F. graminearum chemotypes are mainly characterized by type B trichothecenes among which deoxynivalenol (DON), acetyldeoxynivalenol (3-ADON and 15-ADON) and nivalenol (NIV) are the most prevalent [3]. Although the genetic background

of type B trichothecene production has been studied elaborately, a coherent view on the production profile of these mycotoxins during infection and colonization of a host is lacking and identifying or understanding mechanisms that regulate the production of these secondary metabolites remains a challenge [4–6]. To date, the role of the type B trichothecene DON during infection and colonization of plants remains a controversial issue. Using DON non-producing Fusarium strains, the importance of DON production during spread of the fungus throughout the grain host was demonstrated [4]. In concordance, DON production elicits defence responses in wheat [5]. This role for DON as a virulence factor, actively produced during the infection CDK assay process, has been confirmed in many other studies [6–8]. Notwithstanding

these compelling lines of evidence, other authors uncouple DON production from colonization and aggressiveness [9–11]. The aforementioned controversy illustrates nicely that besides the genotypical derived DON-chemotype, many environmental triggers are crucial to unequivocally delineate the DON-production by a strain of Fusarium.

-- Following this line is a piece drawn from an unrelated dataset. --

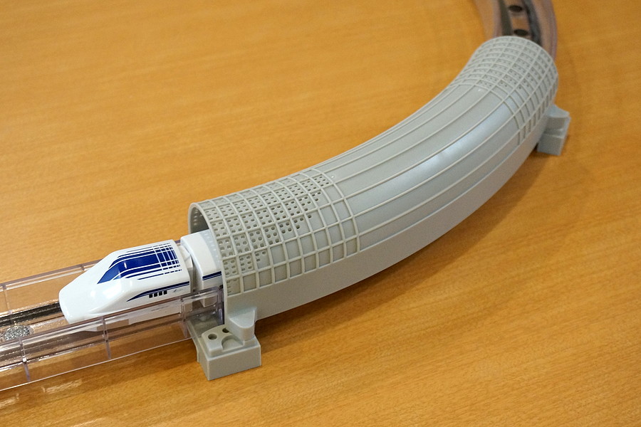 トンネルは、山梨実験線のトンネル緩衝工がモデルで、微気圧波軽減用の多孔板をデザインしているそうですよ

The involvement GS-7977 of external influences triggering DON production is further corroborated by research illustrating modulation of DON production by either abiotic factors such as aw, temperature, available carbon and/or nitrogen source, and biotic factors such as presence of other fungi [12–16]. The importance of these external triggers Montelukast Sodium in DON production is consolidated by the observation that the production

level of mycotoxins in axenic in vitro cultures is often orders of GDC 0032 datasheet magnitude lower than observed during infection and colonization of a host, suggesting that specific host signals are involved in eliciting mycotoxins production. The secondary plant signalling compound hydrogen peroxide (H2O2), which is involved in plant-fungi interactions, is highlighted as an possible trigger interfering with type B trichothecene production. In previous work with F. graminearum, it was demonstrated that exogenously applied H2O2 at time of spore germination resulted in higher DON and A-DON levels 30 days later [17]. In addition, this DON accumulation was accompanied by an up-regulation of the tri gene machinery, responsible for DON biosynthesis [18, 19]. Moreover, liquid cultures of F. graminearum supplied with H2O2 started to produce H2O2 themselves and the kinetics of this paralleled with DON accumulation [19] indicating a link between DON production and oxidative stress. Notwithstanding this clear observation, underlying mechanisms remain elusive. Recently, evidence is brought forward that the response of Fusarium to H2O2 is chemotype dependent. Ponts et al.